Known and important limitations of IPD meta-analysis include the lack of standardized analysis methods [19] and the frequent unavailability of individual patient (raw) data from clinical trials secondary to several issues as described by Reade et al.: authors’ willingness, proprietary interests, original data destruction and patient confidentiality. The problem with the common lack of availability of patient-level data is that trials without these data would have to be excluded from the IPD meta-analysis; in addition, individual patient data would not be adequately meta-analyzed in conjunction with aggregate level data. In that case, the IDP meta-analysis would run the risk of study selection bias and the generation of questionable conclusions due to the exclusion of potentially important clinical trials. That is why APD (i.e., conventional) meta-analysis remains the most common type of meta-analysis and arguably the most appropriate to answer questions related to binary outcomes, especially when the outcomes are comparable across the studies [19]. Notably, the reasons for why meta-analyses are considered high-level evidence are similarly relevant for both IPD and APD study designs [16]. In fact, new ICU/ED trials involving, for example, EGDT, intensive insulin therapy, drotrecogin alfa activated, or low-dose steroids, should explicitly be interpreted in the context of all previous trials; in other words, new trial reports should begin and end with an up-to-date systematic review of all available evidence [20]. If it is not possible for an IPD meta-analysis to be done after the completion of a new trial, at least an updated APD meta-analysis should be performed in order to interpret the new results (positive or negative) in light of all existing evidence. Further, I expect that the authors of each of these already published pivotal trials, Rivers et al. in the current case, will be willing to provide their raw database to research groups such as Reade et al. in order to perform the most inclusive and comprehensive IPD meta-analyses. These robust and updated meta-analyses encompassing all available and relevant evidence will be the best scientific and ethical way to finally move ICU/ED research from the twentieth to the twenty-first century.

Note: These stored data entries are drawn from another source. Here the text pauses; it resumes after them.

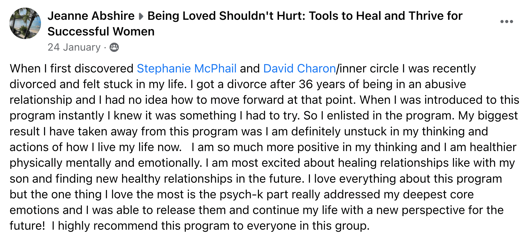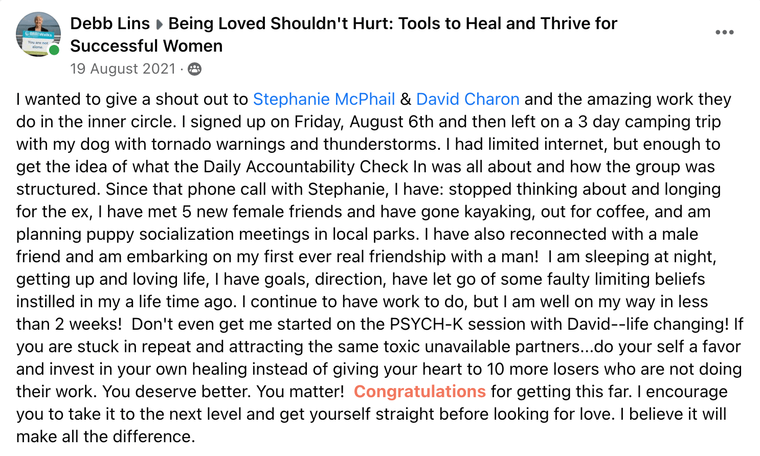 “Thank God for this group, especially the Inner Circle which I call my Tribe… it was SO WORTH IT and possibly the BEST THING I’ve ever done to help my healing.”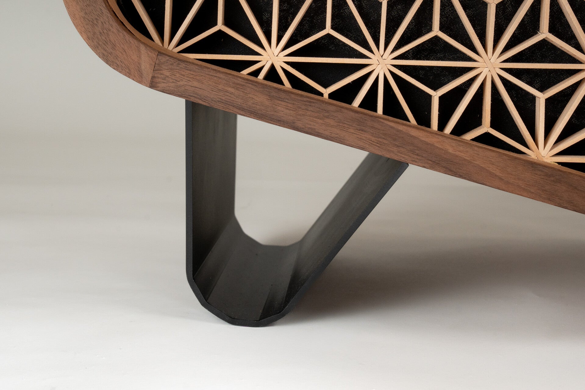 Het front van het meubel is gemaakt met een traditionele Japanse houttechniek, ook wel kumiko genoemd. Hierbij worden verfijnde houten patronen volledig met de hand samengesteld, zonder zichtbare bevestigingen.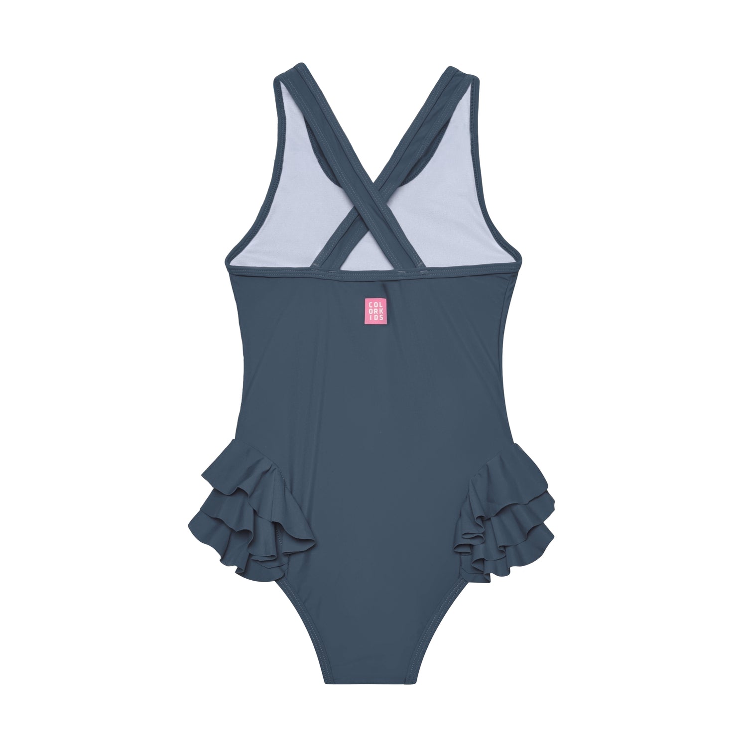 Der bequeme Schnitt mit gekreuzten Trägern sorgt für guten Halt und viel Bewegungsfreiheit beim Schwimmen und Spielen. Das weiche, elastische Material sitzt angenehm und macht jede Bewegung problemlos mit.
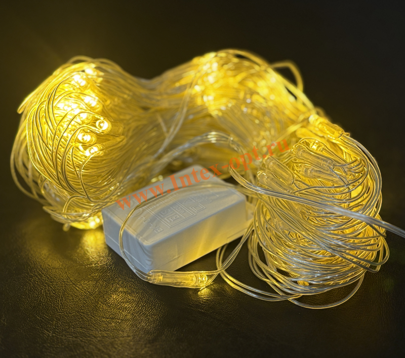 Светодиодная гирлянда сетка на окно 2х2 м, желтая теплая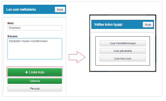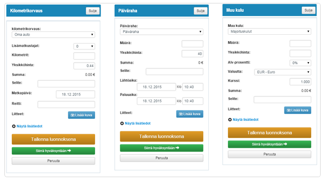 - Travel expense reports can be created and saved and expenses can be added later or expenses can be created straight after creation. After expense type has been selected, expense information can be given (see “Travel expense reports expenses”)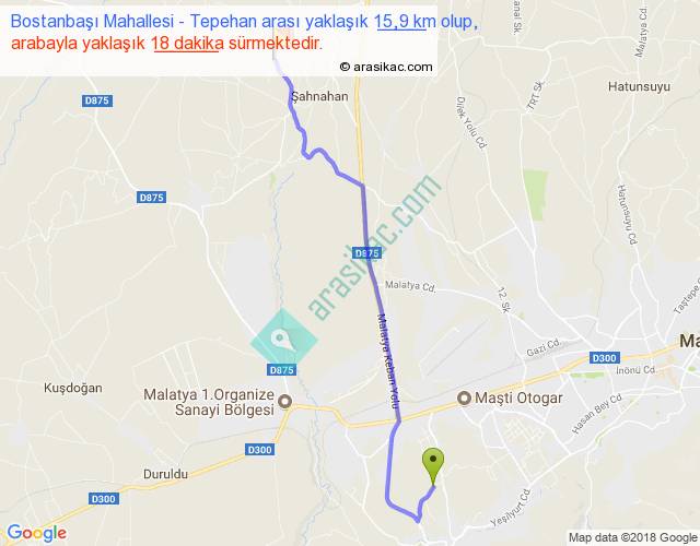 Bostanbaşı Mahallesi - Tepehan arası yaklaşık olarak 90 km/h ile yukarıda belirtilen sürede olup, iki yerin kuş uçuşu uzaklığı (mesafesi) 12'dir. Yolculuk otobüsle 23 dakika sürmektedir.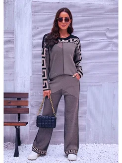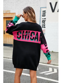 Свитер оверсайз вязаный теплый укороченный с вырезом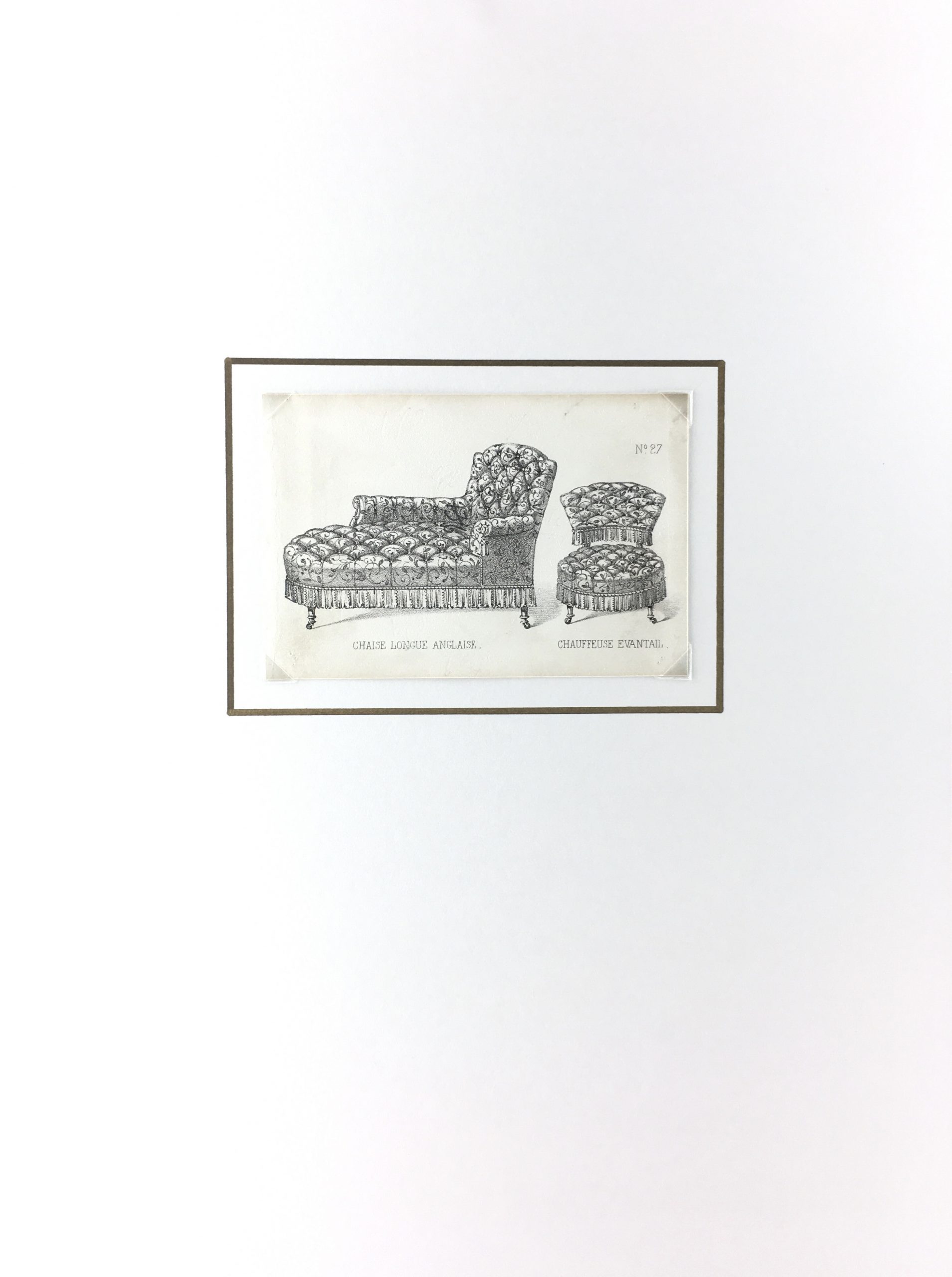 Vintage Print on paper displayed on a white mat with a gold border. Mat fits a standard-size frame. Archival plastic sleeve and Certificate of Authenticity included. Vintage Print, 5.25″W x 3.5″H; mat, 12″W x 16″H.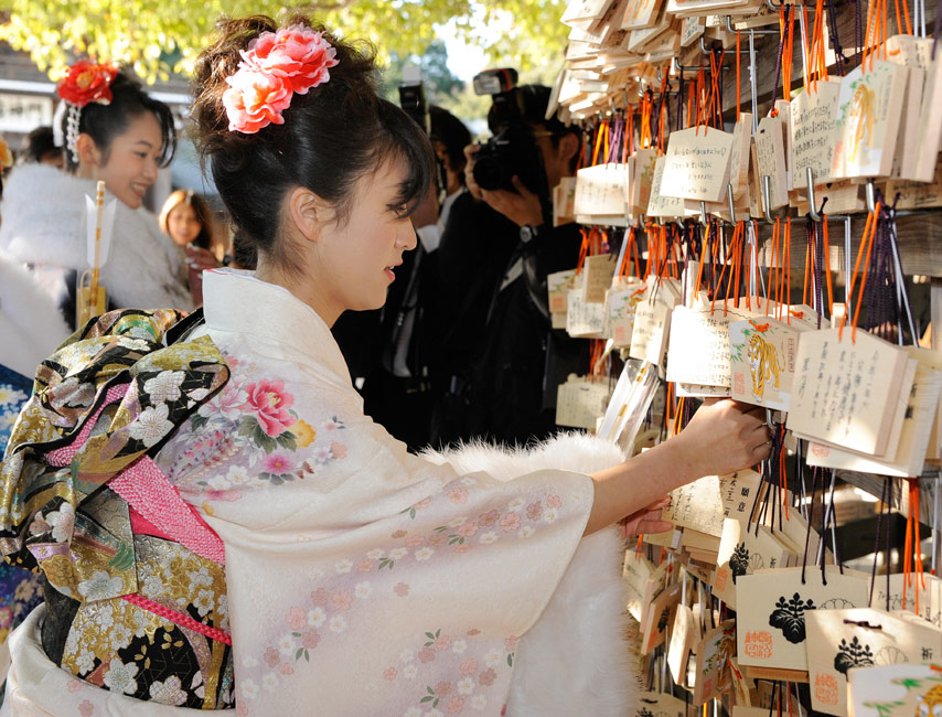 日本年輕女孩穿和服祈福迎接成人節(jié)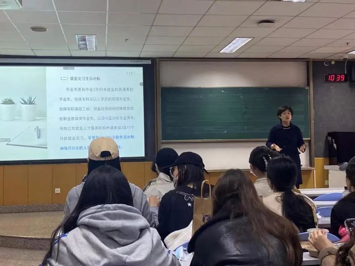 吴思雨与王雯为同学们讲解了近年来我校毕业生去向情况与相关就业政策。通过毕业生相关政策的解读以及对近三年毕业生就业数据的分析,使同学们对当前毕业生就业形势与就业情况有了宏观把握,对事业编制、考公考编、应征入伍、西部计划、三支一扶特岗教师等就业方向和基层就业政策与项目有了更全面深入的了解。同时,介绍了就业岗位的信息渠道“秦云就业小程序”,方便同学们获取较准确的就业信息。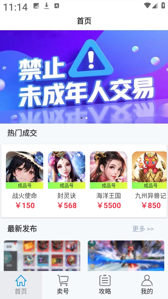 2、首页包含了超多最新发布的游戏账号,如图所示。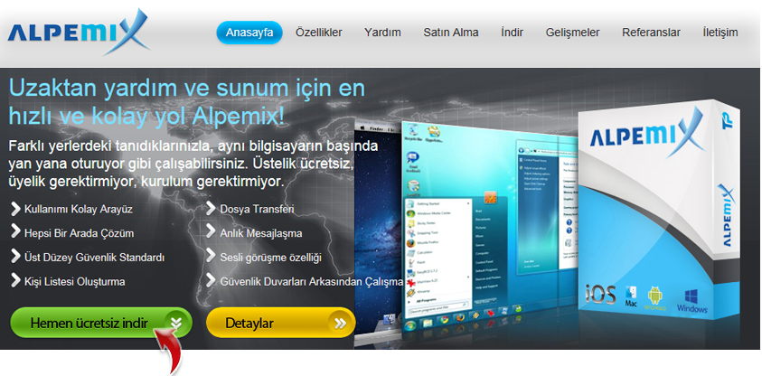 Açılan sayfada "Hemen ücretsiz indir" seçeneği ile programı indirebilirsiniz.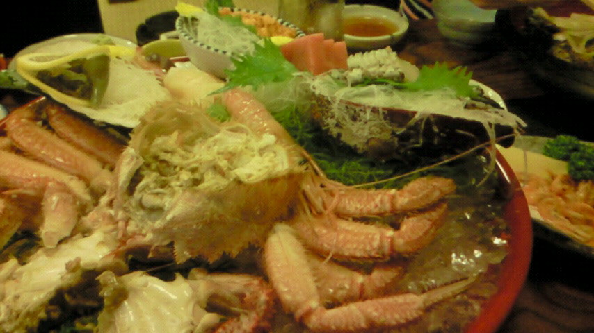 毛ガニやアワビの入ったお刺身盛り合わせ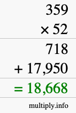 As you can see from the illustration above, the answer to 359 times 52 is the green number in the bottom row. The answer is 18,668.

Reade et al. provided an extensive description of the pros and cons of IPD meta-analyses, as well as a review of IPDs in the intensive care field—unfortunately, they located only ten IPD meta-analyses up to this date (see Reade et al., Table 2). The paucity of studies using this technique in our field is likely due to difficulties inherent to the statistical methodology and considerable logistic barriers, as noted above, or both. The meta-analytic methodology has made impressive advances in the last decade, which will certainly facilitate the use of IPD meta-analysis. Thus, what is mostly missing at this time to increase the utilization of IPD meta-analysis in intensive care medicine is a more transparent and cohesive collaboration among clinical trialists, principal investigators, industry and governmental institutions.

Reade et al. are to be congratulated for such a great collaborative effort to resolve important therapeutic issues such as the use of EGDT for patients with severe sepsis and septic shock. Their prospective and multinational cooperation to perform a unique and powerful individual patient data meta-analysis of several large clinical trials [Protocolized Care for Early Septic Shock (ProCESS); Australian Resuscitation in Sepsis Evaluation (ARISE); Protocolised Management in Sepsis (ProMISe)] will unquestionably bring EGDT to its final destiny: dead or alive, but not critically ill!